[Work instruction]
The answer is all of the entries below, repeated exactly and free of pictures.

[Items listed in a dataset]
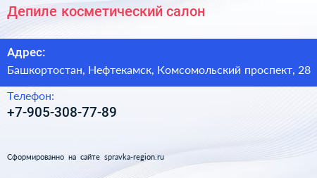 Депиле, косметический салон по адресу Башкортостан, Нефтекамск, Комсомольский проспект, 28 в дальнейшем Организация, размещена в следующих категориях:
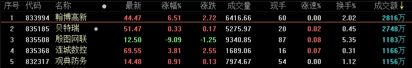 成交额来看,翰博高新(833994)、贝特瑞(835185)、殷图网联(835508)、连城数控(835368)、观典防务(832317)5只个股成交额皆过千万元,为成交额为前五名,分别为2816万元、2748万元、1183万元、1166万元、1156万元。
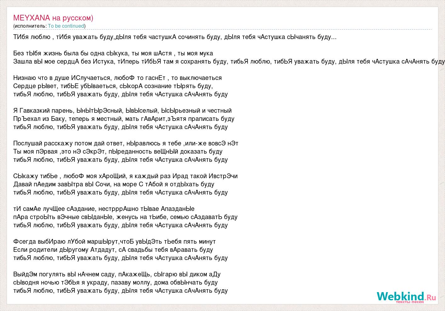 ТИбя люблю , тИбя уважать буду,дЫля тебя частушкА сочинять буду, дЫля тебя чАстушка сЫчанять буду... Без тЫбя жизнь была бы одна сЫкука, ты моя шАстя , ты моя мука Зашла вЫ мое сердцА без Истука, тИперь тИбЬЯ там я сохранять буду, тибьЯ люблю, тибЬЯ уважать буду, дЫля тебя чАстушка сАчАнять буду Низнаю что в душе ИСлучаеться, любоФ то гаснЕт , то выключаеться Сердце рЫвет, тибЬЕ убЫваеться, сЫкорА сознание тЫрять буду, тибьЯ люблю, тибЬЯ уважать буду, дЫля тебя чАстушка сАчАнять буду Я Гавказкий парень, ЫнЫтЫрЭсный, ЫвЫселый, ЫсЫрьезный и честный ПрЪехал из Баку, теперь я местный, мать гАвАрит,зЪятя праписать буду тибьЯ люблю, тибЬЯ уважать буду, дЫля тебя чАстушка сАчАнять буду Послушай расскажу потом дай ответ, нЫравлюсь я тебе ,или-же вовсЭ нЭт Ты моя пЭрвая ,это нЭ сЭкрЭт, пЫреданность веЩнЫй доказать буду тибьЯ люблю, тибЬЯ уважать буду, дЫля тебя чАстушка сАчАнять буду СЫкажу тибЬе , любоФ моя хАроЩий, я каждый раз Ирад такой ИвстрЭчи Давай пАедим завЫтра вЫ Сочи, на море С тАбой я отдЫхать буду тибьЯ люблю, тибЬЯ уважать буду, дЫля тебя чАстушка сАчАнять буду тИ самАе лучЩее сАздание, нестрррАшно тЫвае АпазданЫе пАра строЫть вЭчные свЫданЫе, женусь на тЬибе, семью сАздаватЬ буду тибьЯ люблю, тибЬЯ уважать буду, дЫля тебя чАстушка сАчАнять буду Фсегда выбИраю лУбой маршЫрут,чтоБ увЫдЭть тЬебя пять минут Если родители дЫругому Атдадут, сА свадьбы тебя вАравать буду тибьЯ люблю, тибЬЯ уважать буду, дЫля тебя чАстушка сАчАнять буду ВыйдЭм погулять вЫ нАчнем саду, пАкажеЩь, сЫгарю вЫ диком аДу сЫводня ночью тЭбЬя я украду, пазаву моллу, дома обвЫнчать буду тибьЯ люблю, тибЬЯ уважать буду, дЫля тебя чАстушка сАчАнять буду
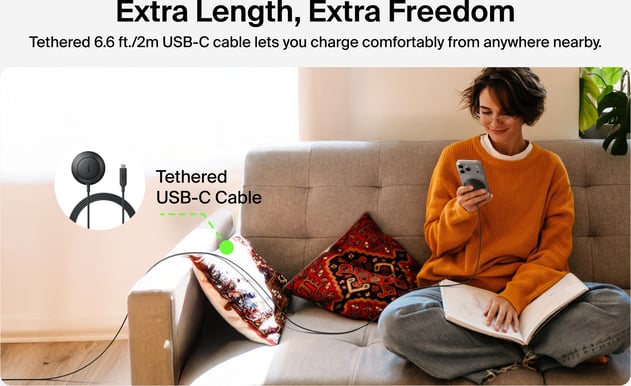 Den fasta USB-C-kabeln på 2 meter ger flexibilitet vid placering och användning. Laddaren är kompatibel med Apple-enheter, MagSafe, Android och andra Qi2-certifierade enheter. Den fungerar även med de flesta mobilskal, vilket eliminerar behovet av att ta bort fodral vid laddning.
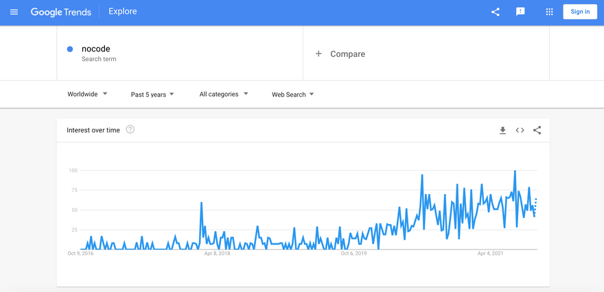 I saw on Google Trends that the “nocode” key word is finally taking off. This is to be expected. But what’s fascinating and interesting is under related queries, “github nocode” is one of the top breakout queries.
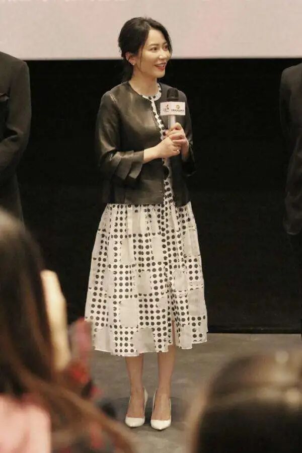 俞飞鸿很有气质,但不代表不会变老,所以看起来眼角的细纹还是很真实的。穿这样的红色西装,非常喜庆。她真的很漂亮,有一种别人根本无法模仿的气质。
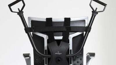 This nifty contraption has resistance straps that fit snugly on to the backrest of an office chair. The two elongated arms stretch out and can be used for bicep curls, rowing, shoulder presses and abdominal crunches. The resistance exercises also help relieve upper-back tension and stiffness from prolonged sitting.
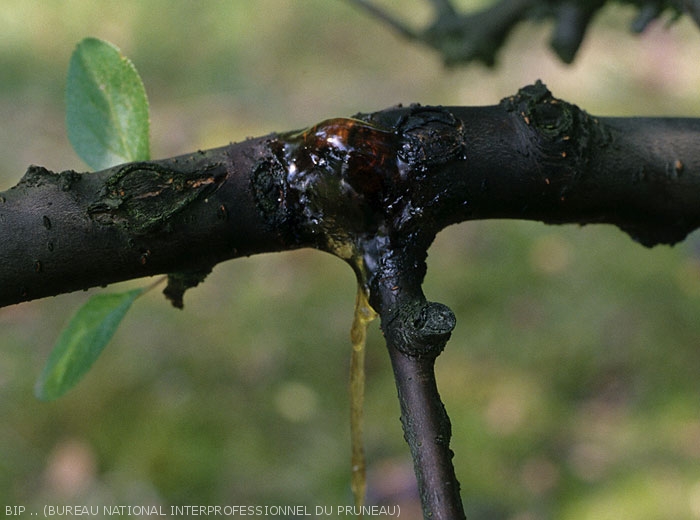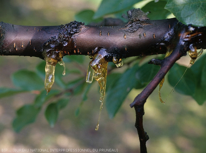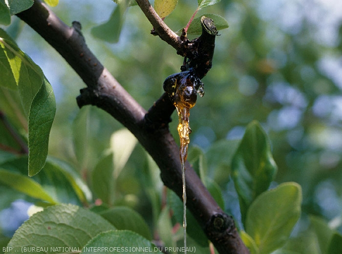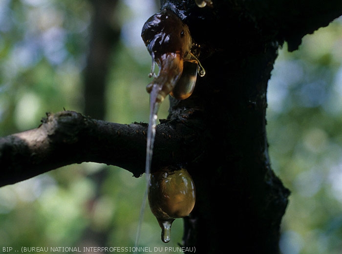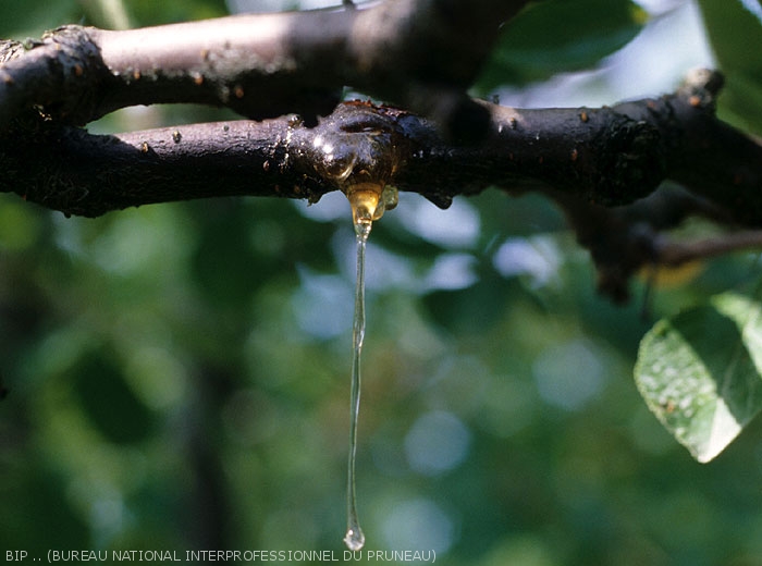 En présence de gomme, il convient donc de rechercher les autres indices / symptômes qui permettront de poser un diagnostic (Voir fiche Bactériose à Pseudomonas sp. et fiche Monilioses Monilia spp.)
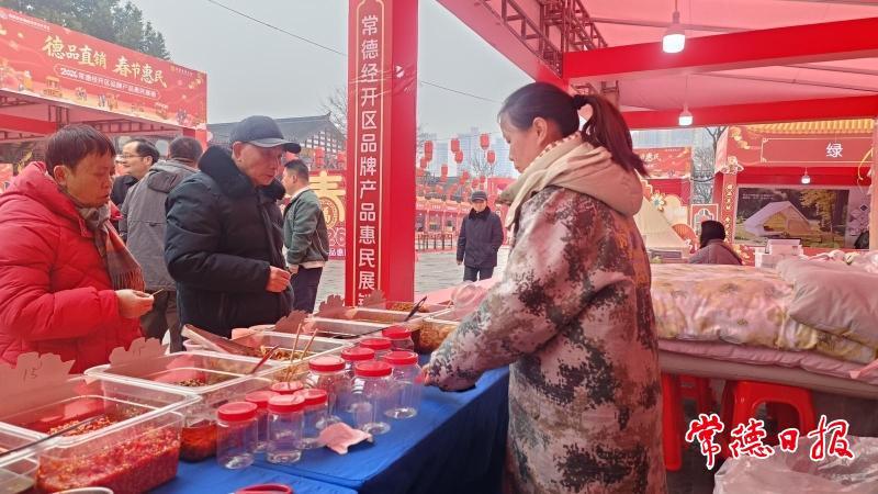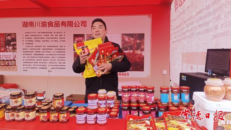 岁末年初,常德河街春秋广场“德品直销”现场人头攒动,年味浓郁。湖南川渝食品有限公司的展位前格外热闹,火锅底料、牛肉酱及藠果、木瓜丝等坛坛菜备受市民青睐,现场品尝、选购的市民络绎不绝,销售场面十分火爆。
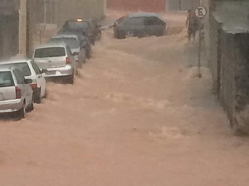 Segundo moradores, água invadiu estabelecimentos e arrastou carros. Defesa Civil e Bombeiros contabilizam prejuízos
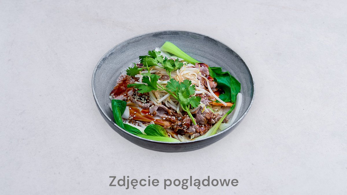 Makaron ryżowy, wołowina smażona, cebula prażona, sałatka, sos czosnkowo-słodko kwasny, danie letnie
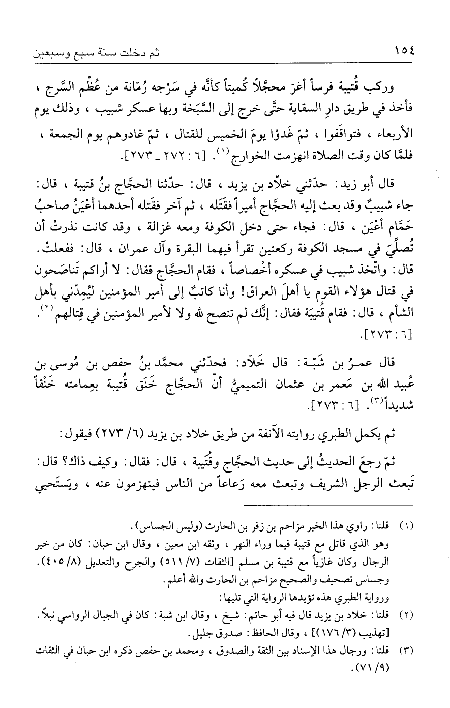 ثم يكمل الطبري روايته الآنفة من طريق خلاد بن يزيد (٦/ ٢٧٣) فيقول:
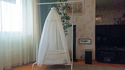 За долго, до рождения внука купила донышко, и всё необходимое. Но всё никак не могла определиться с выбором, связать или сплести люльку. Просмотрела и прослушала много разных видео, МК. Очень понравились варианты плетёных колыбелек, но плести всё же не решилась. Опыта в плетение макраме у меня почти нет. А вот вязание, это моё. Выбор был сделан в пользу вязаной модели. Чёткого описания у меня не было, и я решила, будь что будет. Потренировавшись на маленьком макете(Люлька для куклы. Связана крючком...
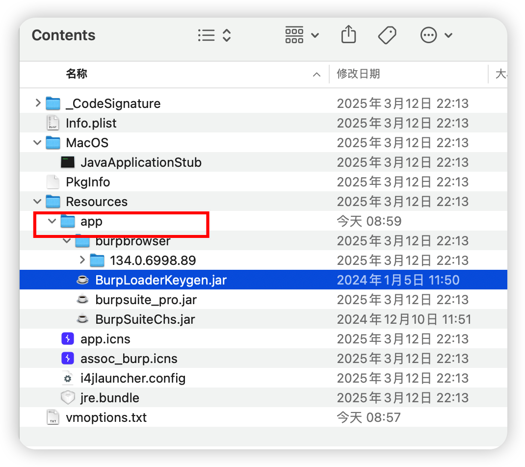 - 在应用程序中找到burp,显示包内容,依次打开文件夹:./Contents/java/app(如果没有的话就是./Contents/Resources/app),然后就会看到我们熟悉的jar文件了
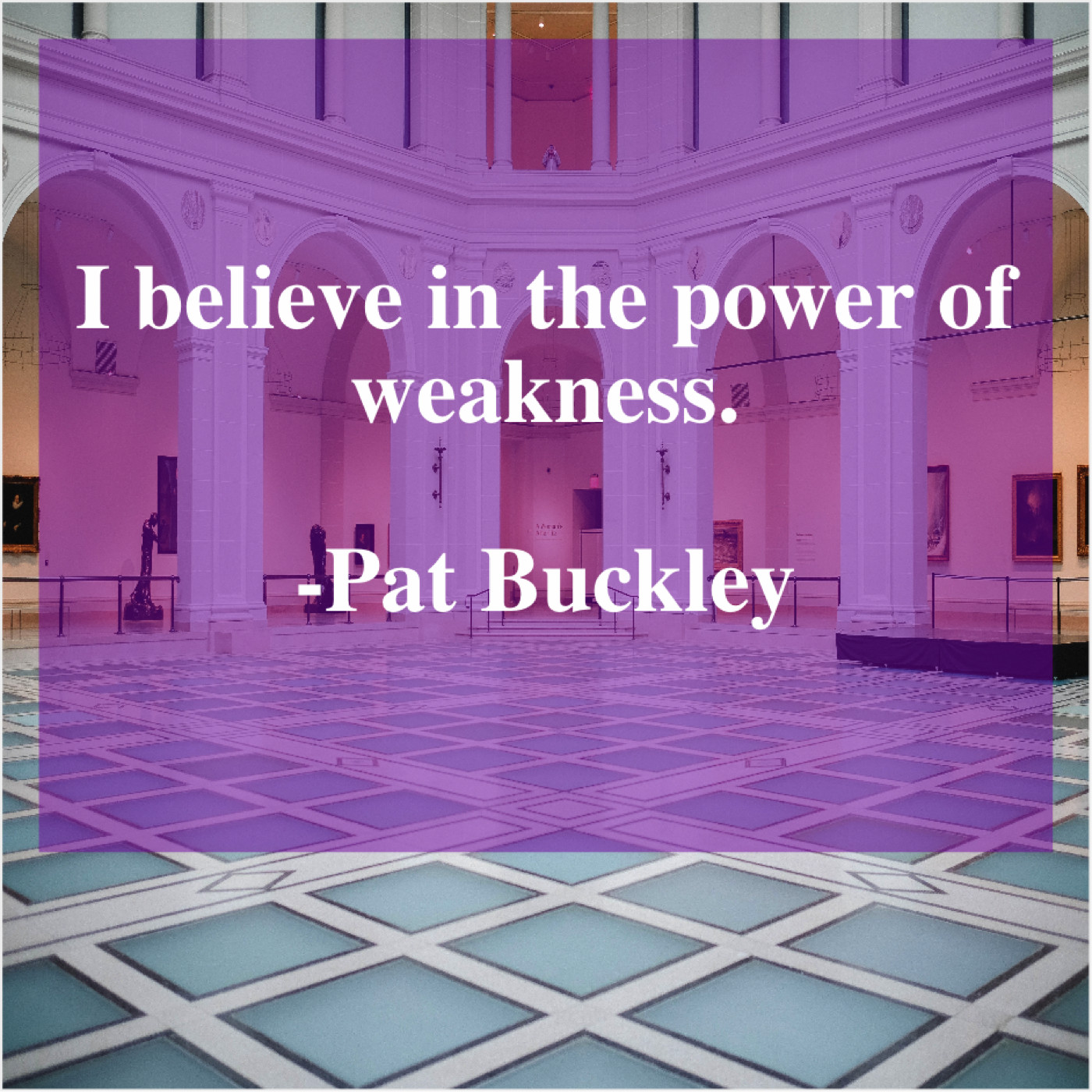 Pat Buckley Pat Buckley – I believe in the power… August 31, 2019 admin “I believe in the power of weakness.”-Pat Buckley

[Solution to this task]
 Депиле, косметический салон по адресу Башкортостан, Нефтекамск, Комсомольский проспект, 28 в дальнейшем Организация, размещена в следующих категориях:
 成交额来看,翰博高新(833994)、贝特瑞(835185)、殷图网联(835508)、连城数控(835368)、观典防务(832317)5只个股成交额皆过千万元,为成交额为前五名,分别为2816万元、2748万元、1183万元、1166万元、1156万元。
 ТИбя люблю , тИбя уважать буду,дЫля тебя частушкА сочинять буду, дЫля тебя чАстушка сЫчанять буду... Без тЫбя жизнь была бы одна сЫкука, ты моя шАстя , ты моя мука Зашла вЫ мое сердцА без Истука, тИперь тИбЬЯ там я сохранять буду, тибьЯ люблю, тибЬЯ уважать буду, дЫля тебя чАстушка сАчАнять буду Низнаю что в душе ИСлучаеться, любоФ то гаснЕт , то выключаеться Сердце рЫвет, тибЬЕ убЫваеться, сЫкорА сознание тЫрять буду, тибьЯ люблю, тибЬЯ уважать буду, дЫля тебя чАстушка сАчАнять буду Я Гавказкий парень, ЫнЫтЫрЭсный, ЫвЫселый, ЫсЫрьезный и честный ПрЪехал из Баку, теперь я местный, мать гАвАрит,зЪятя праписать буду тибьЯ люблю, тибЬЯ уважать буду, дЫля тебя чАстушка сАчАнять буду Послушай расскажу потом дай ответ, нЫравлюсь я тебе ,или-же вовсЭ нЭт Ты моя пЭрвая ,это нЭ сЭкрЭт, пЫреданность веЩнЫй доказать буду тибьЯ люблю, тибЬЯ уважать буду, дЫля тебя чАстушка сАчАнять буду СЫкажу тибЬе , любоФ моя хАроЩий, я каждый раз Ирад такой ИвстрЭчи Давай пАедим завЫтра вЫ Сочи, на море С тАбой я отдЫхать буду тибьЯ люблю, тибЬЯ уважать буду, дЫля тебя чАстушка сАчАнять буду тИ самАе лучЩее сАздание, нестрррАшно тЫвае АпазданЫе пАра строЫть вЭчные свЫданЫе, женусь на тЬибе, семью сАздаватЬ буду тибьЯ люблю, тибЬЯ уважать буду, дЫля тебя чАстушка сАчАнять буду Фсегда выбИраю лУбой маршЫрут,чтоБ увЫдЭть тЬебя пять минут Если родители дЫругому Атдадут, сА свадьбы тебя вАравать буду тибьЯ люблю, тибЬЯ уважать буду, дЫля тебя чАстушка сАчАнять буду ВыйдЭм погулять вЫ нАчнем саду, пАкажеЩь, сЫгарю вЫ диком аДу сЫводня ночью тЭбЬя я украду, пазаву моллу, дома обвЫнчать буду тибьЯ люблю, тибЬЯ уважать буду, дЫля тебя чАстушка сАчАнять буду
 Den fasta USB-C-kabeln på 2 meter ger flexibilitet vid placering och användning. Laddaren är kompatibel med Apple-enheter, MagSafe, Android och andra Qi2-certifierade enheter. Den fungerar även med de flesta mobilskal, vilket eliminerar behovet av att ta bort fodral vid laddning.
 I saw on Google Trends that the “nocode” key word is finally taking off. This is to be expected. But what’s fascinating and interesting is under related queries, “github nocode” is one of the top breakout queries.
 俞飞鸿很有气质,但不代表不会变老,所以看起来眼角的细纹还是很真实的。穿这样的红色西装,非常喜庆。她真的很漂亮,有一种别人根本无法模仿的气质。
 This nifty contraption has resistance straps that fit snugly on to the backrest of an office chair. The two elongated arms stretch out and can be used for bicep curls, rowing, shoulder presses and abdominal crunches. The resistance exercises also help relieve upper-back tension and stiffness from prolonged sitting.
 En présence de gomme, il convient donc de rechercher les autres indices / symptômes qui permettront de poser un diagnostic (Voir fiche Bactériose à Pseudomonas sp. et fiche Monilioses Monilia spp.)
 岁末年初,常德河街春秋广场“德品直销”现场人头攒动,年味浓郁。湖南川渝食品有限公司的展位前格外热闹,火锅底料、牛肉酱及藠果、木瓜丝等坛坛菜备受市民青睐,现场品尝、选购的市民络绎不绝,销售场面十分火爆。
 Segundo moradores, água invadiu estabelecimentos e arrastou carros. Defesa Civil e Bombeiros contabilizam prejuízos
 Makaron ryżowy, wołowina smażona, cebula prażona, sałatka, sos czosnkowo-słodko kwasny, danie letnie
 ثم يكمل الطبري روايته الآنفة من طريق خلاد بن يزيد (٦/ ٢٧٣) فيقول:
 За долго, до рождения внука купила донышко, и всё необходимое. Но всё никак не могла определиться с выбором, связать или сплести люльку. Просмотрела и прослушала много разных видео, МК. Очень понравились варианты плетёных колыбелек, но плести всё же не решилась. Опыта в плетение макраме у меня почти нет. А вот вязание, это моё. Выбор был сделан в пользу вязаной модели. Чёткого описания у меня не было, и я решила, будь что будет. Потренировавшись на маленьком макете(Люлька для куклы. Связана крючком...
 - 在应用程序中找到burp,显示包内容,依次打开文件夹:./Contents/java/app(如果没有的话就是./Contents/Resources/app),然后就会看到我们熟悉的jar文件了
 Pat Buckley Pat Buckley – I believe in the power… August 31, 2019 admin “I believe in the power of weakness.”-Pat Buckley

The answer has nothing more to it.